Ночевать незнакомцы останавливались в избах побогаче. Гмырь ночевал в канавах. По солнцу он определил, что двигались они очень далеко. Ночами, лежа в канавах и глядя в холодное небо, он грел себя мыслями о своем светлом будущем и своем возможном прошлом: «Возможное дело, если б утоп, щука ухи б у мене отъела и нос. А вот узнаю, кто эти те и что они куда, тогда вообще!»
А незнакомцы поутру садились на телегу и везли свое что-то дальше.
Глава следующая
Светит, да не греет
Танюша Глебова-Бурилло зачета в первую ночь.
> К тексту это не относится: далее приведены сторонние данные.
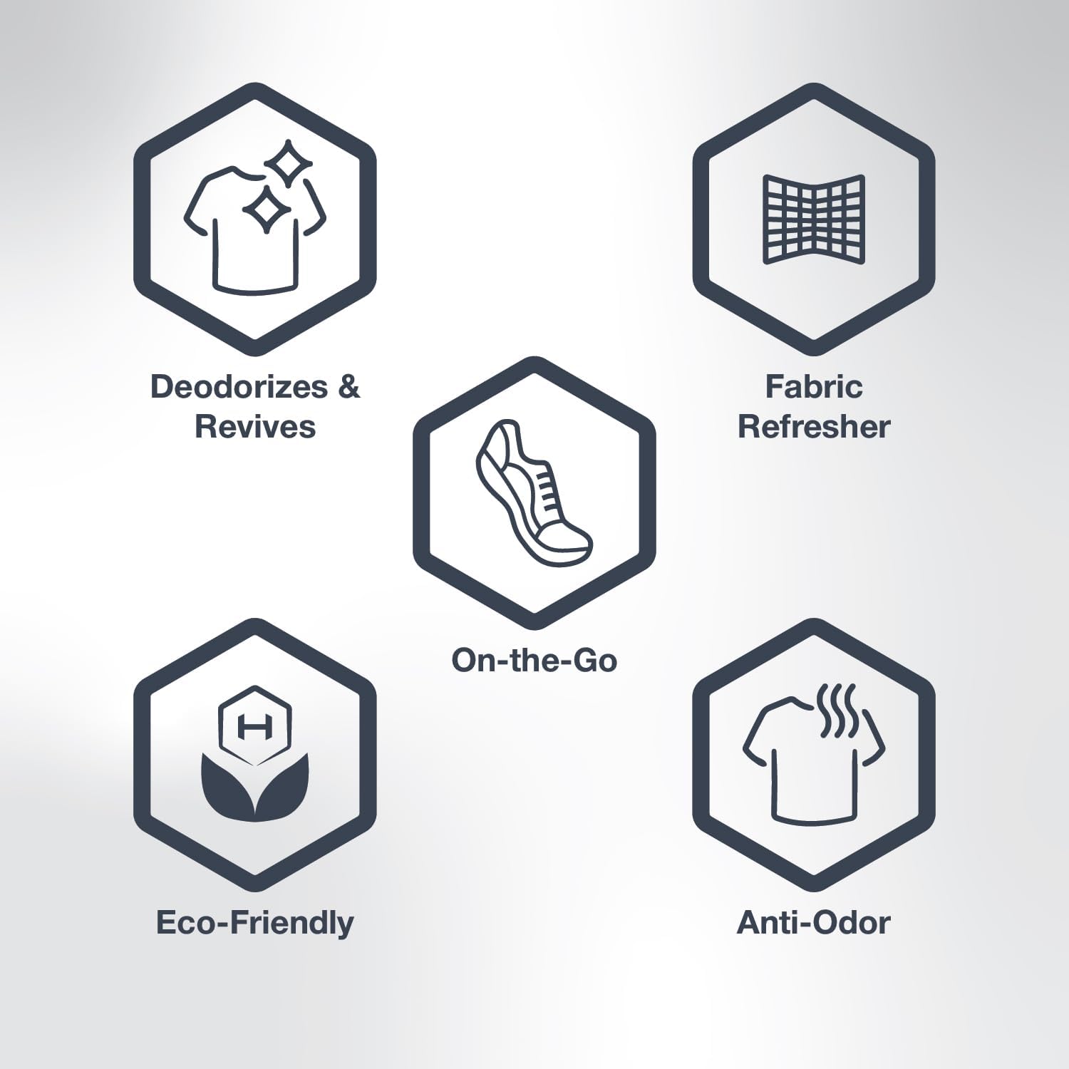 - Revive & Refresh All-in-One Spray β Fabric refresher odor eliminator spray made specifically to clean, remove odor, and deodorize fabrics, gear and anything else. Perfect for freshening fabrics and gear that canβt fit in a washing machine or between washings to keep fabrics smelling fresh and odor free. One bottle that does it all.

Весь день она теперь шила распашонки, чепчики, а вечерами, покачивая живот, пела колыбельную:
Что случилось, что случилось?
Кошка мышкой подавилась.
Надо кошке меньше есть.
Сохранять живот и честь.
(Автор И. В. Бурилло)
Глебов пропадал то в заведении мадам Буфф, то его видели с балериной заезжей оперетки Эльвирой Швидко, говорили, что в трактире Хвостова каждый вечер для него поет цыганский хор Саши Корякина и что он платит им не за песню, а за каждую умильную слезу.
Но Таню это не смущало. Что бы ни сделал муж, все ей казалось необычным, замечательным и достойным восхищения.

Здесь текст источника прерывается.